What you should do – The answer must be an exact reprint of the lines from the one with "内容:グッデイLINE公式ア" through the final line of the data, with no pictures included.

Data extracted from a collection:

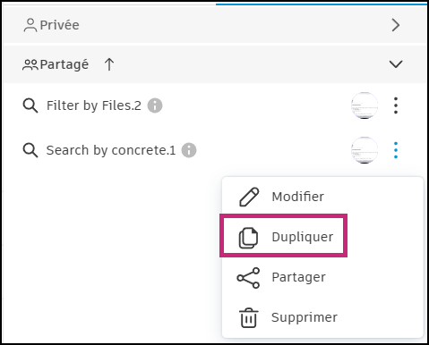Vous pouvez dupliquer une recherche enregistrée que vous avez partagée ou une recherche partagée avec vous par un autre administrateur de projet.
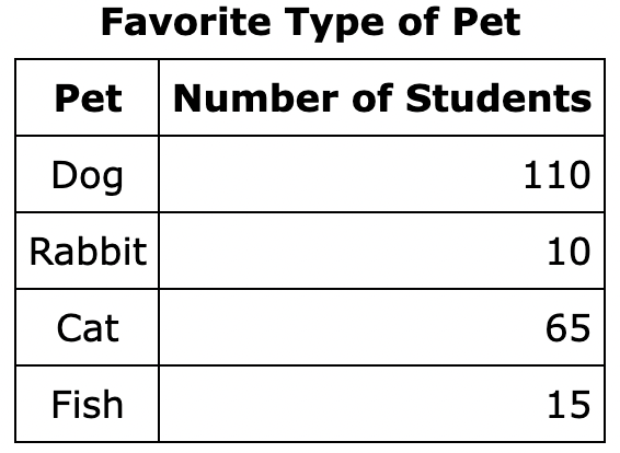 A survey was given to 200 students about their favorite type of pet. The survey results are shown int he table.
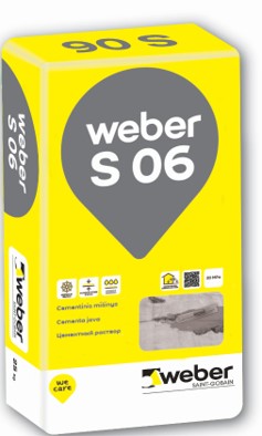 weber S 06 is a frost resistant, cement mortar for simple filling and levelling applications. Recommended layer thickness 2-10 mm. Inexpensive mortar for simple repairs, suitable for both indoor and outdoor use, resistant to freeze.
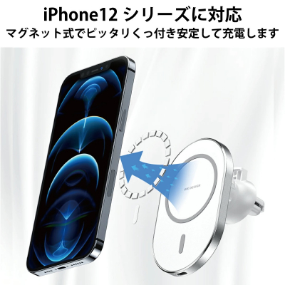 ミスターカード株式会社(本社所在地:埼玉県川口市)は、iPhone12シリーズ対応の「車載マグネット式ワイヤレス充電器」を2021年1月19日(火)に発売します。片手で置くだけで簡単に着脱できる強力な磁気吸着式。15W/10W/7.5W/5Wの急速充電。縦横どちらにも置けて、360回転の見やすい角度に調整できます。運転中に時間を無駄にせずスマホを充電できるエアコン吹き出し取り付け用のワイヤレス車載ホルダーはいかがでしょう。
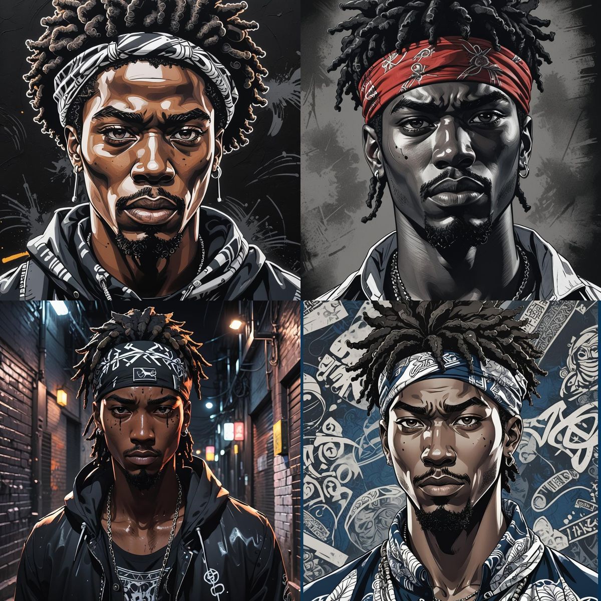 This image shows a Black man with twisted hair, dressed in gangster rap attire and wearing a black and white bandana. The image is cel-shaded with deep color, in a manga scan style.
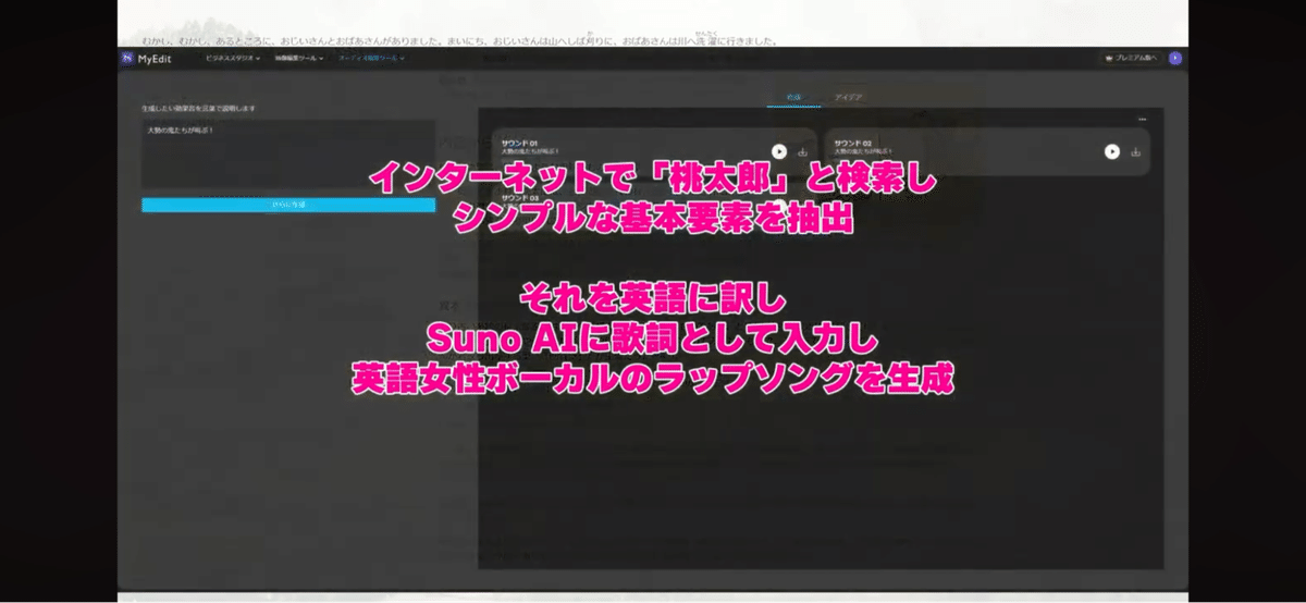 になります。動画生成も同じRunWayのほうが相性がいいなと感じています。プロンプトに入れて漫画的な表現、クレイアニメーションな感じをかなり試行錯誤して作りました。AfterEffectsで並べて、カラコレやレンズエフェクトなどを入れつつ、音と合体させて動画として完成させました」 「今回桃太郎の諸々のストーリーを英語のラップにして面白おかしく楽しめる、親しみがある、温かくなる 生き生きとした動画を目指して作りました」 <審査員による質疑応答> 諏訪
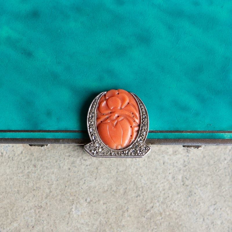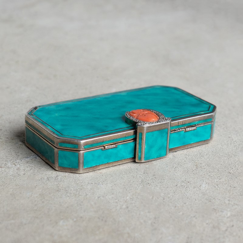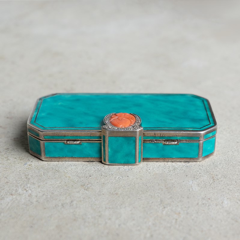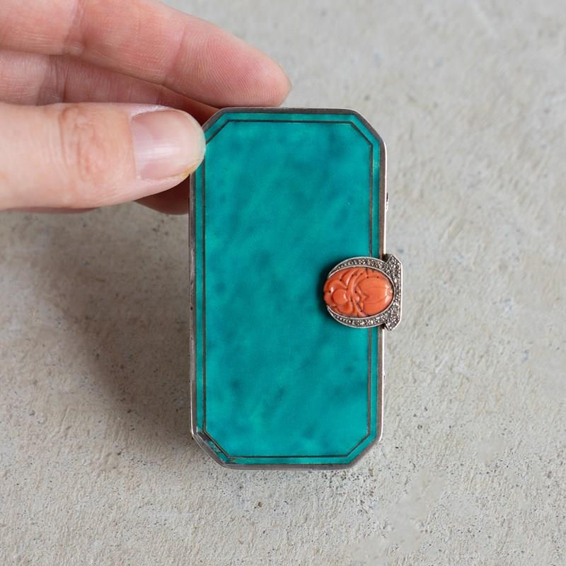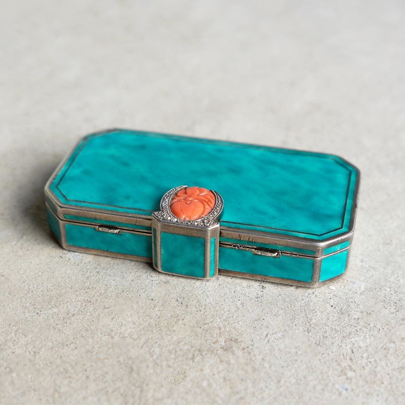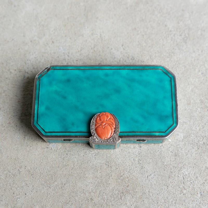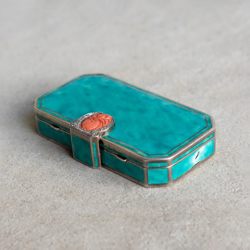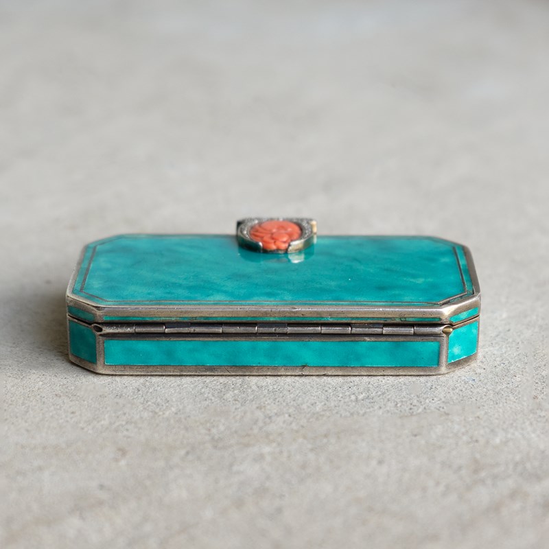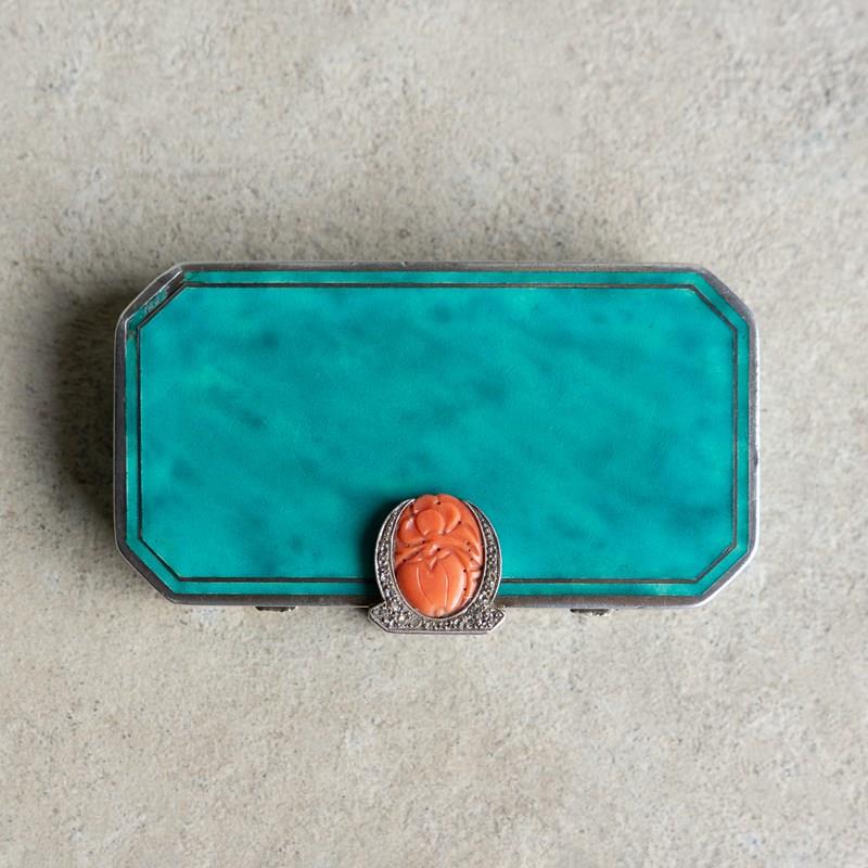 French Art Deco Silver, Enamel, Coral & Diamond Compact Box By Augusta Peyroula
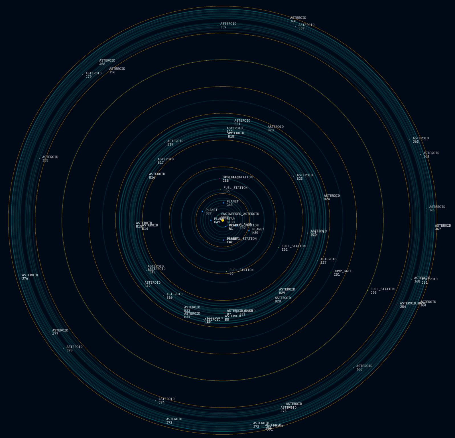 Most recently I wanted to try out ebitengine: A dead simple 2D game engine for Go. So I created a client to chart out my system, the overall galaxy and my ships. What a fun challenge!
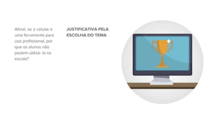 O documento discute os benefícios da inserção de computadores e celulares na escola como ferramentas didáticas que podem apoiar o aprendizado dos alunos. Ele lista vantagens como apoio ao professor, desenvolvimento da aprendizagem e democratização do acesso à tecnologia. Também aborda desafios como custos e falta de capacitação, e formas de utilizar esses dispositivos em modelos educacionais e para aprendizagem por descoberta.
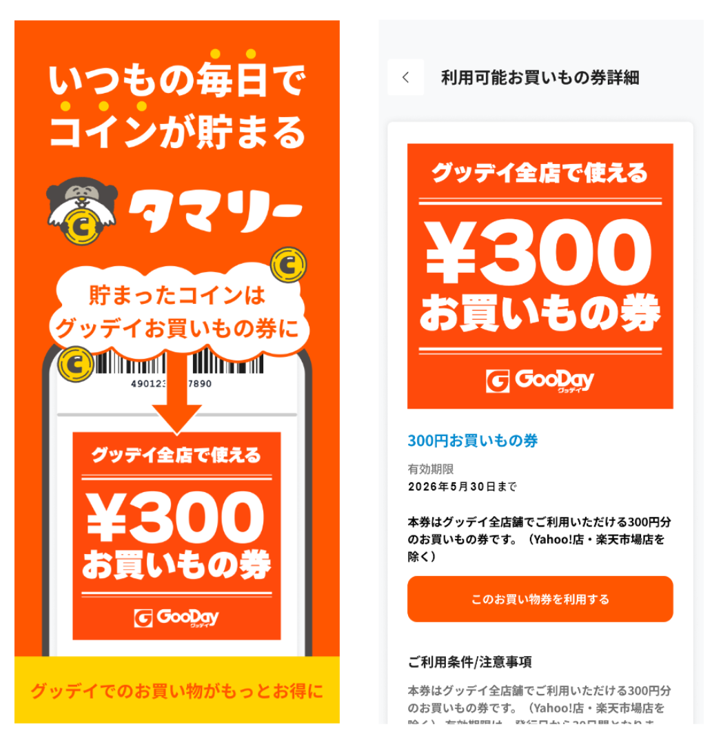 内容:グッデイLINE公式アカウントに友だち登録&期間中に「タマリー」をダウンロードしアプリ内でLINEログイン(連携)を完了すると、グッデイ全店舗で使えるお買いもの券300円分を即時プレゼント。
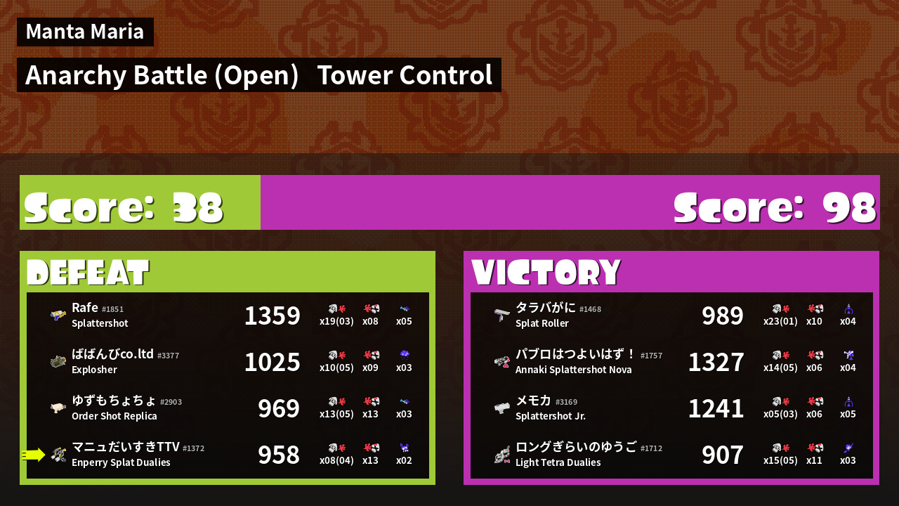 | Mode | Tower Control - Anarchy Battle (Open) | ||
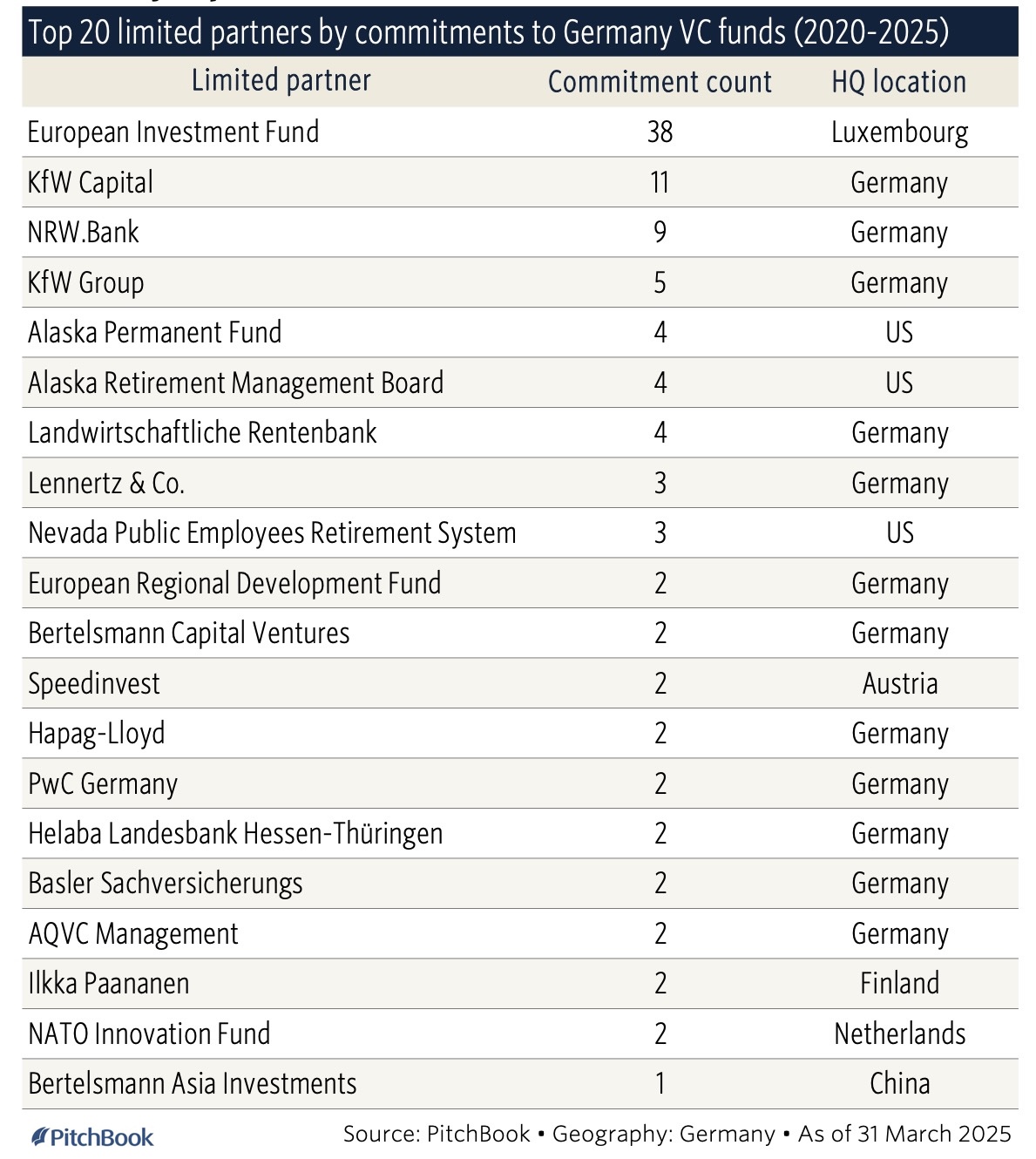 Auffallend, dass unter den Top 20 LPs, die in Private Equity-Fonds mit Deutschlandbezug investieren, kein einziger deutscher Pensionsinvestor ist:

Answer for the task –
 内容:グッデイLINE公式アカウントに友だち登録&期間中に「タマリー」をダウンロードしアプリ内でLINEログイン(連携)を完了すると、グッデイ全店舗で使えるお買いもの券300円分を即時プレゼント。
 | Mode | Tower Control - Anarchy Battle (Open) | ||
 Auffallend, dass unter den Top 20 LPs, die in Private Equity-Fonds mit Deutschlandbezug investieren, kein einziger deutscher Pensionsinvestor ist:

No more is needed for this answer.